The claim is that this hike in infrastructural spending would lead to an acceleration of growth, returning India to the high growth trajectory it was on during the 2000s. But the combination of fiscal conservatism and the privileging of capital expenditure over social spending has growth implications.
Fiscal consolidation will adversely affect income generation through its direct impact on employment and earnings or through indirect impacts on disposable incomes after accounting for increased expenditures on food, health, and education. A consequence would be lower consumption expenditures among the poor and middle classes, with attendant effects on overall growth.
So, if the enhanced capital expenditures are to stimulate the economy, they must more than make up for the loss of dynamism resulting from damped consumption expenditure. That would be difficult, because capital spending on infrastructural projects would move resources into capital projects.
The contribution to employment growth or multiplier effects on the overall income of those projects are likely to be much smaller than what would be delivered by the employment and output increases delivered by higher consumption expenditures. The net effect on growth could be negative.

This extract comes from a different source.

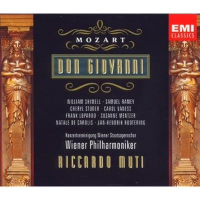 A humorless Don Giovanni. Can it be done? Haitink came a long way in his famous recording with Tom Allen and Carol Vanness, but Riccardo Muti really went all out and came up with an intense, focused performance in which nobody has a good time, and the Don's descent at the end is not spectacle, but unavoidable dread (although it is very spectacular with the chorus coming through much more clearly than usual). The singers, again with Vanness (this time as Elvira) and with a young William Shimell singing a brutish, rough-edged Don Juan off of the cynical Leporello of Sam Ramey are nowhere near as lovely voiced as the famous versions by Giulini or Böhm but fit the approach well. I love this recording, the only blemish is the cavernous sound the EMI engineers came up with.

The possibility of such an outcome could have been avoided if the government had been less fiscally conservative and had used the opportunity for increased spending based on additional resource mobilisation through taxation.
The available evidence is clear that sharp increases in the income and wealth of the rich in the country have resulted in a substantial increase in income and wealth inequality. This provides the grounds for mobilising additional resources through taxes levied on the super-rich, in the form of income tax or wealth taxes, or both.
Such taxes are both feasible and warranted. But the tax forbearance that has characterised the fiscal stance of NDA governments, ostensibly to incentivise private savings and investment, rules out initiatives of that kind. In the event, inequality persists while the prospects for a robust revival of growth based on additional tax-financed spending fade.
And, the burden that such a trajectory imposes on the poor and middle classes is worsened not just by the inflation that is left uncontrolled but by the curtailment of even the woefully inadequate social protection that government intervention offers.
C.P. Chandrasekhar taught for more than three decades at the Centre for Economic Studies and Planning, Jawaharlal Nehru University, New Delhi. He is currently Senior Research Fellow at the Political Economy Research Institute, University of Massachusetts, Amherst, US.
- Finance Minister Nirmala Sithraman refrained from hiking expenditures and cut back on social spending.
- Capital spending is being privileged relative to social spending.
- The government slashed allocation for the MGNREGA scheme.
- Fertilizer subsidies cut from Rs.2.25 lakh crore to Rs. 1.75 lakh crore.
- The government plans to reduce fiscal deficit to 5.9 per cent in 2023-24.
- Fiscal conservatism and emphasis on capital expenditure has growth implications.
- Lower consumption expenditures among poor and middle classes will lead to negative growth.